Pazienza, bisogna avere pazienza, e ascoltare in silenzio la voce del sogno: ci parla di timori e di morte, e ci tremano in bocca le labbra, di brevi sospiri intrecciate. Dov'è la paura è lì che siamo, tra i granelli di sabbia che sono miliardi di corpuscoli di niente, ma siamo anche dove ci pareva che dovesse suonare quella sirena sull' orizzonte che la nave copre, e dove speravamo che quell' ancora venisse slegata, e lasciata conficcare al suolo, al largo delle nostre speranze, dopo aver a lungo navigato errando e pure annegato, senza fine e senza meta alcuna, prima di adesso. Perché il mondo degli eroi non ci appartiene, e giro il viso dalla parte opposta al suo simulacro: lascio che brillino le luci divine in un ipotetico aldilà di cui non voglio occuparmi, e oggi mi faccio uomo, e sono umana , così come tu lo sei, senza provarne vergogna alcuna; tra le tue parole leggo una forma che mi conforta, un' accettazione placida e saggia della miseria, e una confidenza della carne che passa, imperfetta e preziosa, perché tanto mortale da dover schivare anche il più lieve soffio di vento. Tutta la sera ci piomba sul capo e senza anelare all' eterno sediamo stanchi dietro le nostre finestre; è trascorsa un' altra giornata, ed è una spossatezza che quasi ci coccola; è schiaffo e carezza, è crepuscolo che si piega a nuova aurora, ed io non so mai stata così felice di non essere beata come un dio.
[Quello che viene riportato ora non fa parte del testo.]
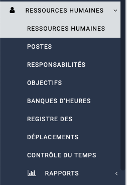Pour ajouter une ressource humaine, vous devez procéder en vous rendant dans le menu RESSOURCES HUMAINES, que vous trouvez dans le menu RESSOURCES HUMAINES.
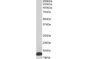 Western Blot: Approx 13 kDa band observed in Human Lymph Node, and Thymus lysates and similar bands are observed in lysates of cell lines Daudi and Jurkat (calculated MW of 12.5 kDa according to NP_002406.1). Recommended concentration: 0.01-0.03 μg/mL. Pri

Anticipa la pioggia uno scarto dei sensi, e nell' incertezza dell' accordo muto il mio spirito pensoso si fa d' un tratto desiderio, ed irrompe impetuoso portandosi via tutti gli argini mai costruiti del mio orgoglio: smodato e ancestrale il richiamo violento della luna piena mi riporta ad un lido soltanto, e spariscono le nubi dei tormenti indifferenti, e tutto è niente e siamo così di nuovo meravigliosamente soli nella notte, privi di linguaggio, privi di ragione; si cercano le viscere nostre e ci fanno animali nella speculare immagine di una corsa affannosa verso l' Ignoto, senza l' ingombro polveroso del passato e senza l' alito penoso del futuro, senza occhi e senza freno, solo di mani, solo di mani siamo fatti, e di miele che scorre, e di pazienza che nutre le voglie della vita.